TV comes up with few perfect families; you can count "The Brady Bunch" and "The Full House" Tanners among them. But the prototype for wholesome American family entertainment has to be "Leave It to Beaver," a show whose biggest problems were the scrapes little Theodore "Beaver" Cleaver got into, week after week.

"Beaver" ran for 234 episodes from 1957-63, and on the one hand definitely feels from a very different era: wives in the kitchen in high heels and pearls; husbands ruling with a kind but firm hand; children expected to know their manners at all times. But in a lot of ways, it's also a snapshot into an idealized world that serves as comfort food for fans.

"It's interesting, because I think everybody loved that time period, and people would come home from their stressed life and they'd sit down in front of the TV and watch 'Leave It to Beaver' and all their problems would disappear," noted Tony Dow, who played elder brother Wally and joined Jerry Mathers (Beaver) on TODAY Wednesday to celebrate the show's 60th anniversary.
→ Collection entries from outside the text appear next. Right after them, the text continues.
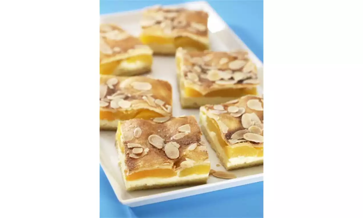 Hefeteig aus der Schüssel nehmen, auf der Arbeitsfläche nochmals kurz durchkneten, mit dem Mürbeteig gut verkneten. Die Hälfte des Teiges auf dem Backblech ausrollen, mit der abgekühlten Pudding-Creme bestreichen und die Aprikosen darauf verteilen. Restlichen Teig in Größe des Backblechs ausrollen, auf die Aprikosen legen, an den Rändern mit Hilfe einer Teigkarte andrücken.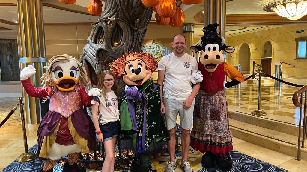 Halloween on the High Seas – This was our Halloween day so once we were back onboard ship it was time to get in to our Halloween costumes. There was trick or treating in Cabanas and then Mickey and friends danced and sang in their Halloween costumes out on deck. There was also an opportunity to have photos around the ship with the characters in their costumes and some special characters like the Sanderson Sisters (Minnie, Daisy and Clarabelle) and Jack and Sally-Anne.
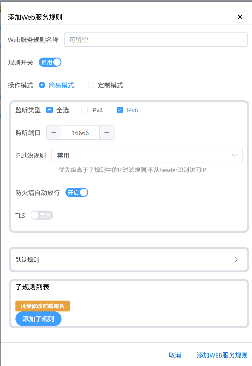 点击新建规则,监听端口选择你frp设置的端口,我这里以5668做示范,记得使用https的话需要打开tls,否则无法进行加密。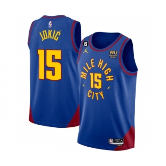 Men's Denver Nuggets #15 Nikola Jokic Blue 2022-23 Statement Edition With NO.6 Stitched Jersey
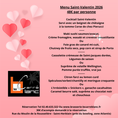 Réservez votre soirée spéciale Saint-Valentin au restaurant Carré Blanc à Saint Herblain. Découvrez le menu de la Saint-Valentin -…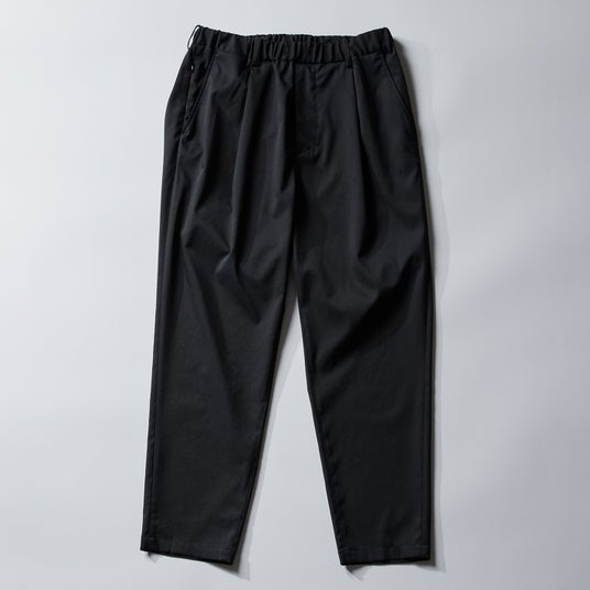 特徴:独自素材「ultimex」を使用した、ワンタック入りのややゆったりシルエットのイージーパンツ。ウエストの紐は内側でも外側でも結べる仕様。

"Except mine," joked Mathers, 69. "Because I always had problems."

Well, as Beaver, sure!

They had some interesting tidbits to add: Apparently Hugh Beaumont (dad Ward) became an actor so that he could run a Methodist ministry; and Barbara Billingsley (mom June) "wore high heels a lot," quipped Dow, 72.

The show may have ended decades ago, but Mathers said people still come up to him on the street. "People loved the show," he noted, adding that thanks to reruns, "Beaver" has never been off the air. "People are not only watching it, they're watching it again and again."

And here's a bonus: Dow and Mathers remain pals. "We're good friends," said Mathers. "Anything goes on in our families, we know about it."

"He's still a squirt, though," quipped Dow.